It’s a good start, but it needs to go much further.
That’s Evidence Based Eating New Zealand’s (EBENZ) reaction to a white paper titled, ‘Improving the heart health outcomes for New Zealand’, which was released yesterday by the New Zealand Heart Foundation.
“People need to be made aware they can REVERSE their heart disease with diet,” says EBE chairperson, Grant Dixon.
The recently formed health lobby group promotes a whole food plant-based diet as the best way to treat a wide range of common illnesses successfully.
Using diet to treat heart disease successfully has been clearly demonstrated in medical studies by Doctors Dean Ornish and Caldwell Esselstyn in the USA, and not to just palliate their disease, which is what current medicine does.
Grant knows what he is talking about as ten years ago he had a heart attack which resulted in him receiving four stents. The best advice he was then given was to cut the fat off his meat and drink milk.

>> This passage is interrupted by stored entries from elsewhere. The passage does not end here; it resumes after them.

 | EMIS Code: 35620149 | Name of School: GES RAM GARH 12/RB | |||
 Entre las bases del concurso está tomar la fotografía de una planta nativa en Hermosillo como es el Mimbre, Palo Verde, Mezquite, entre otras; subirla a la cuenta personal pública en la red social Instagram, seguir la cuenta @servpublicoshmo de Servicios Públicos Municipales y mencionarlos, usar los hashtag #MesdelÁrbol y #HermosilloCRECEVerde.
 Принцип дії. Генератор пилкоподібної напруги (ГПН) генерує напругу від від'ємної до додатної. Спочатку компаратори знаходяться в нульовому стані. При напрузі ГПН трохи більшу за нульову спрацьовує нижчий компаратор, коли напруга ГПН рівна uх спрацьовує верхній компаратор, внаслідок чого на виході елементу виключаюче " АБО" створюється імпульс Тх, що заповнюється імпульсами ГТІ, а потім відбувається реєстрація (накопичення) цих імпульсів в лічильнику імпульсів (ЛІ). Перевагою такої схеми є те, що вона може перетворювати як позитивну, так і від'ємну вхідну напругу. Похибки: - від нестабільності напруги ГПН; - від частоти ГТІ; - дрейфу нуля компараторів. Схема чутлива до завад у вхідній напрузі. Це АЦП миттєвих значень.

“It’s the same advice the Heart Foundation gives today,” he says. Fortunately for Grant, he found Dr Esselstyn’s book ‘Prevent and Reverse Heart Disease’ and the rest is history. His cholesterol quickly plummeted, and his full energy returned. Today he continues to run 60 kilometres a month and can run 5 kilometres in 29 minutes.

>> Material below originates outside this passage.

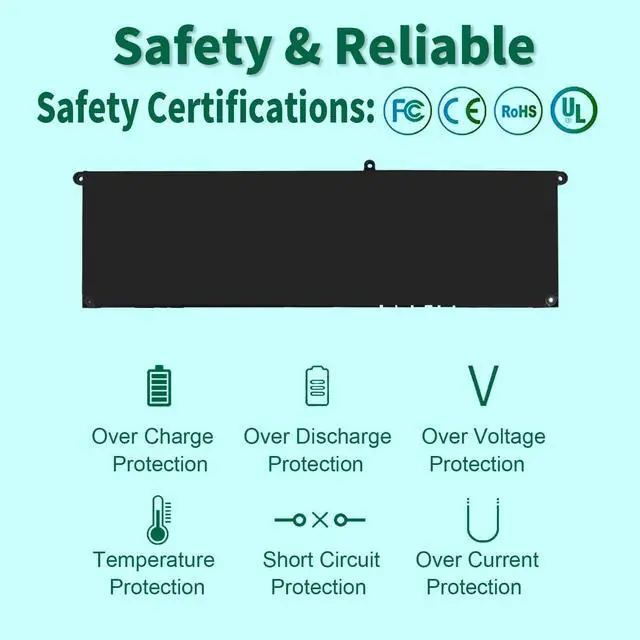 Our V6W33 Battery is highly compatible with the original V6W33 Dell Battery, Dell 54Wh Type V6W33 Battery and meets CE/FCC/ROHS/UL certified standards. It is a brand-new product from the manufacturer and supports up to 1000 recharge cycles.

“Other heart attack survivors are put on light duties and effectively told to go home to die. It doesn’t have to be that way” he says.
“If people truly followed a whole food plant-based diet, which isn’t hard,” Grant says; “then not one in four lives would be saved, but near 100% of lives would be saved! It’s long past time for the medical fraternity to acknowledge this and tell their patients that they don’t need to die.”
If only a fraction of Kiwis followed the whole food plant-based diet the savings to New Zealand’s health budget would be huge” Grant says “hospital cardiovascular wings would need to be down sized!”
According to a recent paper by Johnathon Drew, a training doctor at Otago University, a whole plant foods diet could bring global warming emissions savings of up to 42 per cent. Spread over the lifetime of the current New Zealand population, this would confer health gains of up to 1.5 million quality-adjusted life-years gained and a health care system saving of up to $20 billion!
Evidence Based Eating is a health promotion organisation which runs a monthly Auckland PlantPure Pod and will soon start a health wellness pilot course as well. EBE NZ’s executive comprises five doctors and medical workers and five health enthusiasts wanting to see the plant-based lifestyle widely accepted as the best way to take control of one’s health to prevent, reverse and cure chronic diseases.